As for my rating, this is another instance where a more granular scale would be useful, as three stars seems slightly too low a rating, while four seems slightly too high. That I’ve decided to round it down rather than up is a reflection of one additional criticism I had of the book: the author’s materialist/reductionist bias and concomitant tendency to imply that anything suggestive of the paranormal must, a priori, be false.  Be that as it may, and for what it’s worth, my actual rating is 3½ stars.


My reply to someone's comment on my review :


Thanks for your kind and thoughtful comments.  The intellectual pride you mention is something the author explores as being a factor in at least one (though possibly a few) of the traps – “earned dogmatism.” While I agree that one can become enamored of their own brilliance, this still strikes me as being more a function of psychology than of intellectual capacity.  So, if someone’s most dominant and rewarded attribute is their mind, and that person has at least a latent vulnerability to vanity or pride or hubris or arrogance, etc., then that’s what’s most likely to provide the stickiness. In another case, it might be athletic prowess, musical virtuosity, or entrepreneurial ingenuity that dazzles and blinds one to their own limits or flaws.   In any case, it seems to me the central issue is the proneness to becoming inflated, not what's serving as the object or vehicle for the inflation.
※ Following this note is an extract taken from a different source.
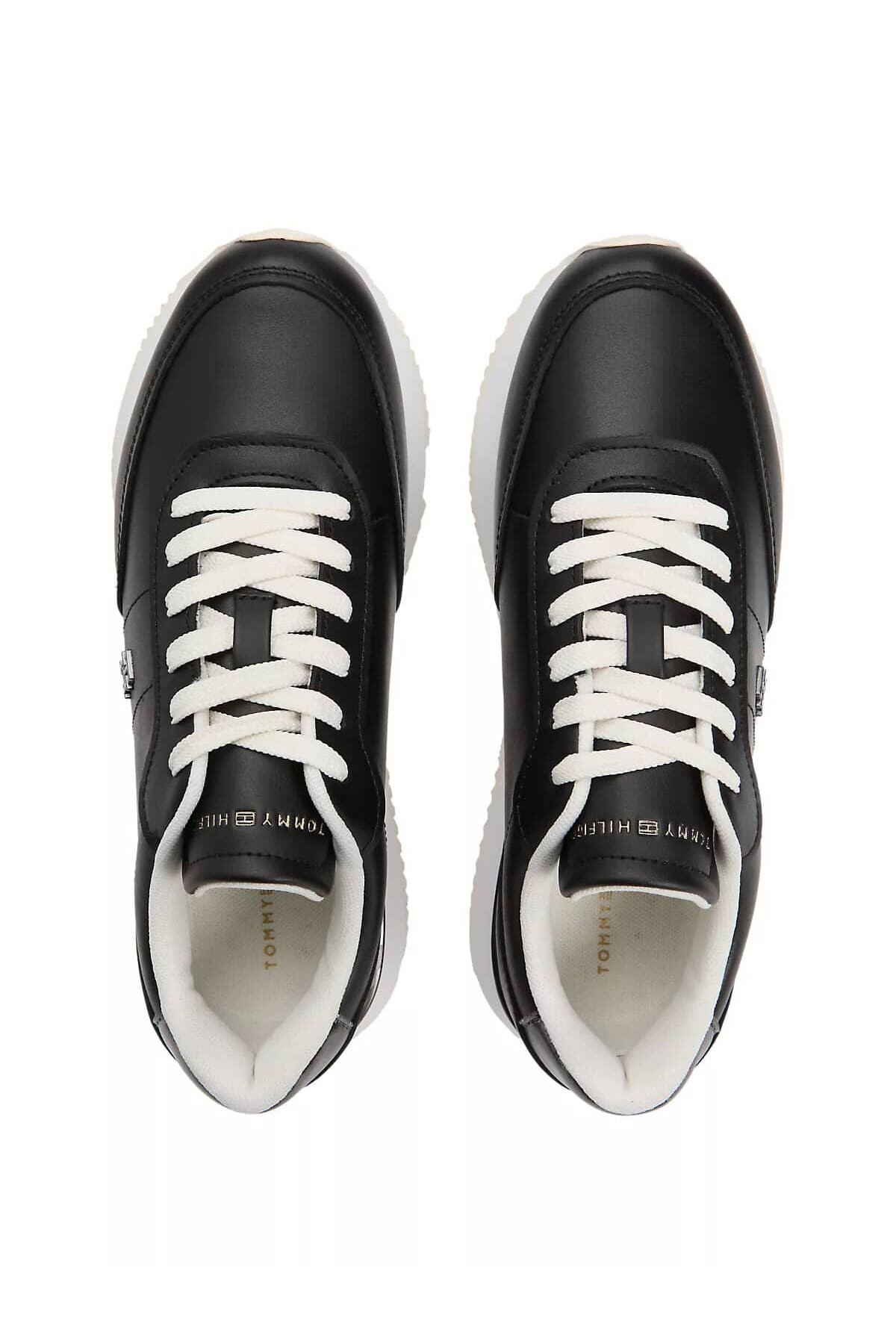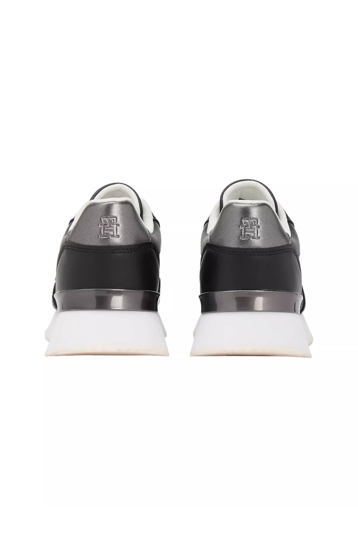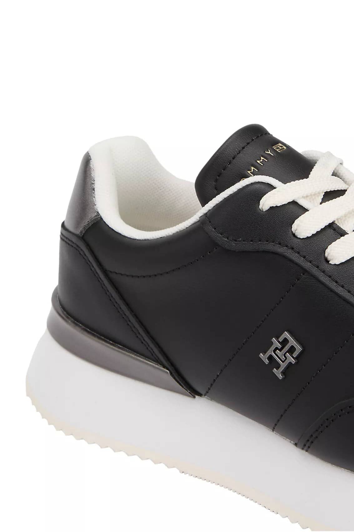 Sportif runner silüetini, şık ve modern detaylarla birleştiren bu sneaker, günlük stilinize sofistike bir dokunuş katıyor. Siyah üst yüzeyi, topukta ve tabandaki parlak metalik detaylarla zenginleştirilerek dinamik bir görünüm kazanır. Hafif ve konforlu tabanı, gün boyu rahat adımlar atmanızı sağlarken, zarif tasarımı her türlü kombinle kolayca uyum sağlar. Yan kısımdaki kabartma logosu, tasarımın kalitesini belli eder.

When considering the validity of the author’s premise, I think it might be useful to invert it.  He’s implying, in effect, that the overwhelming majority of people of average intellect and education — the billions of proverbial salt-of-the-earth folk the world over — are less likely to evince flawed or uncritical thinking, believe in stuff that can’t be (or at least hasn’t been) proven, commit various fallacies when debating/arguing, become closed to growth once expertise has been reached, etc., than their smarter and better educated counterparts.  This just strikes me as incredible, and I have to wonder whether such a view is based to some extent on being out of touch with, and/or romanticizing, people who are intellectually average.